Deux opérations ont directement bénéficié de cette avancée : Concordia (Bosnie-Macédoine) en 2003, et Artémis au Congo, la même année. A noter que cette dernière est la pierre de touche lorsqu’on analyse les OMP, tant la coopération, la réussite et la volonté entre tous fût exemplaire. Mais comme le démontre Thierry Tardy, il en faudrait beaucoup plus pour que l’offre européenne rencontre pleinement la demande onusienne.

En effet, la convergence est assez théorique : en premier lieu, l’UE n’est pas prête à envoyer des troupes nationales, principalement en raison des échecs de la Somalie et la Bosnie.
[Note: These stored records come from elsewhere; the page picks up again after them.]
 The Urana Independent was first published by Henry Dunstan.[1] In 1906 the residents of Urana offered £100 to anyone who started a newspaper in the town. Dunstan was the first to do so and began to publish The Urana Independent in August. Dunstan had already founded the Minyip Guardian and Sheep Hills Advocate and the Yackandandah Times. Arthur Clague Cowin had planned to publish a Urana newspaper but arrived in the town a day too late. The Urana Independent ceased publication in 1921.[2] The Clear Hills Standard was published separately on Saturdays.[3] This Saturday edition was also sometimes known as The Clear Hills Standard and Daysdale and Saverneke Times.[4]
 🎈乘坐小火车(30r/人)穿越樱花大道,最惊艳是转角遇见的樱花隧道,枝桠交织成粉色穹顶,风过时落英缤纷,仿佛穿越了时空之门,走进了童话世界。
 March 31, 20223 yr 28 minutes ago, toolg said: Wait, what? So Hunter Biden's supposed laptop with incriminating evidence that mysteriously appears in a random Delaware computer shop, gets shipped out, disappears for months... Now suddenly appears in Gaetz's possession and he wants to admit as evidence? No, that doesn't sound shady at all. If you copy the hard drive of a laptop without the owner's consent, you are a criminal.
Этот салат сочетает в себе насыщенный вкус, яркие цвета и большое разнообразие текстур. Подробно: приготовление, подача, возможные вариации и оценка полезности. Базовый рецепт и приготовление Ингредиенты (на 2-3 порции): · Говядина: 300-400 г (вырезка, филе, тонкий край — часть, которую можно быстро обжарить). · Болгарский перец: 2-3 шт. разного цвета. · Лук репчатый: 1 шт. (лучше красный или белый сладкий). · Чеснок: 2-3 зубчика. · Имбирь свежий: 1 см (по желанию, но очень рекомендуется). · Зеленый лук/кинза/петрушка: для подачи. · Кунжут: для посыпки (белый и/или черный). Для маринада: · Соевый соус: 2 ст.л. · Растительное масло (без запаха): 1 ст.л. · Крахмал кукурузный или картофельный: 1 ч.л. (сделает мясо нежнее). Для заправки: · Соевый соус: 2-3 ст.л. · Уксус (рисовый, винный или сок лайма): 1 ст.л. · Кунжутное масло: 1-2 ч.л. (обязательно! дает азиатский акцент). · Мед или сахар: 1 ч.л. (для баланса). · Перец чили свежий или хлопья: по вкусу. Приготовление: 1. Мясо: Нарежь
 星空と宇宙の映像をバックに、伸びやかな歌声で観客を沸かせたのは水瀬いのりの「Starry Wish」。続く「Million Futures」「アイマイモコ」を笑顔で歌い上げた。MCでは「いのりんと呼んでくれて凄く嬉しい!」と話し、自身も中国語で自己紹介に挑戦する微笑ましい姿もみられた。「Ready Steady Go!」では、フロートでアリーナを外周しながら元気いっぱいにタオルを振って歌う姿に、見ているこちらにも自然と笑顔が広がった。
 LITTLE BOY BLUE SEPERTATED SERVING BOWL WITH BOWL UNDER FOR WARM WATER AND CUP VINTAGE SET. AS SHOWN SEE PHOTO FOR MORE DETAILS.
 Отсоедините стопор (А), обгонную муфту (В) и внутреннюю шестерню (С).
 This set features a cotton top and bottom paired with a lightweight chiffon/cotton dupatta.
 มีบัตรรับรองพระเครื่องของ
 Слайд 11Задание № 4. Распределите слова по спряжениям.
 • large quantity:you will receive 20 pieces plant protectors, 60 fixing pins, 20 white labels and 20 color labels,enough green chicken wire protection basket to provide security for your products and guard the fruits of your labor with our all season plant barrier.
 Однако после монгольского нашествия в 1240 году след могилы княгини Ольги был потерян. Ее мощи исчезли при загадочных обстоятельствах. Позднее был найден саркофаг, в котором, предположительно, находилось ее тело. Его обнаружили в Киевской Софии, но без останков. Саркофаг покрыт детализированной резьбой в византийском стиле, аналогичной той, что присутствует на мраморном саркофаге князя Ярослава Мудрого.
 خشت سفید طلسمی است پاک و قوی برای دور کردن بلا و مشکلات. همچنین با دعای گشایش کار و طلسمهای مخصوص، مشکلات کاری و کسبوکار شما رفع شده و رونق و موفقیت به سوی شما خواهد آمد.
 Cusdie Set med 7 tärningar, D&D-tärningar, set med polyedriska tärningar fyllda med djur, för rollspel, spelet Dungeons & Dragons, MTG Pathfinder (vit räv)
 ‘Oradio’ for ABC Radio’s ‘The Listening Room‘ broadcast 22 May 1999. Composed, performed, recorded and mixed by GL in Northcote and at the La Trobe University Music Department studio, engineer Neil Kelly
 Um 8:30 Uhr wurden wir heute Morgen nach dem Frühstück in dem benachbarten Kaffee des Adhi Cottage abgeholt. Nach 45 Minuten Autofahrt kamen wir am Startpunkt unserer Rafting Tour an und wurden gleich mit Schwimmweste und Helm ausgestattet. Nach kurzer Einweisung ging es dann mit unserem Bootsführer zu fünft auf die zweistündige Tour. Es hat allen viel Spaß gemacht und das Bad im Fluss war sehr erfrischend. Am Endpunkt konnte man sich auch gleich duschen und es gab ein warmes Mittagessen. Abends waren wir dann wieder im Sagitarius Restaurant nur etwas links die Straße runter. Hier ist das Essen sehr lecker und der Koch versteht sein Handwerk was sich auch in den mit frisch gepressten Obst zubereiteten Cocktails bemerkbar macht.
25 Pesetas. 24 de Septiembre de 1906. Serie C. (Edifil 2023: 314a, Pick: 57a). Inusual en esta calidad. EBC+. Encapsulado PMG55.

Les images des soldats malmenés ont choqué l’opinion publique internationale, et les gouvernements ne veulent plus faire courir un tel danger à leurs soldats détachés pour l’ONU. Ce comportement est inquiétant, car il devient difficile de réaliser des OMP “robustes” (comprendre coercitives, selon le vocabulaire usité dans le rapport Brahimi) sans la participation du personnel le mieux entraîné, ou qui possède le matériel le mieux adapté à ces situations. Plus encore, c’est risquer de créer des OMP à deux vitesses : en fonction du choix retenu dans l’intervention par l’UE, sa concrétisation serait plus ou moins effective. On est là très loin des idéaux universalistes de l’ONU.

Autre limite à l’engagment de l’UE, le concept d’autonomie, base du processus de la Politique européenne de sécurité et de défense (PESD). Lorsque l’UE se penche sur son avenir militaire communautaire, elle le fait – bien souvent – en contraste de sa coopération la liant à l’OTAN; l’indépendance est au coeur de ses préoccupations… une vélléité difficilement compatible avec le chapitre VIII de la Charte, précédement mentionnée.

M. Tardy conclut en rappellant que sur les 12 OMP de l’UE, seules 2 ont eu pour base légale une résolution du Conseil de sécurité. Pour les 10 autres, le consentement de l’Etat hôte et du Conseil de l’Union européenne entérina les opérations (toutes non coercitives). Et de se demander de la légitimité dont bénéficierait une action coercitive, découlant d’une opération qui ne l’était pas à l’origine. D’autant plus que, les Européens, bien que majoritairement attachées à l’universalisme de l’ONU, décridibilisent celle-ci en l’évitant.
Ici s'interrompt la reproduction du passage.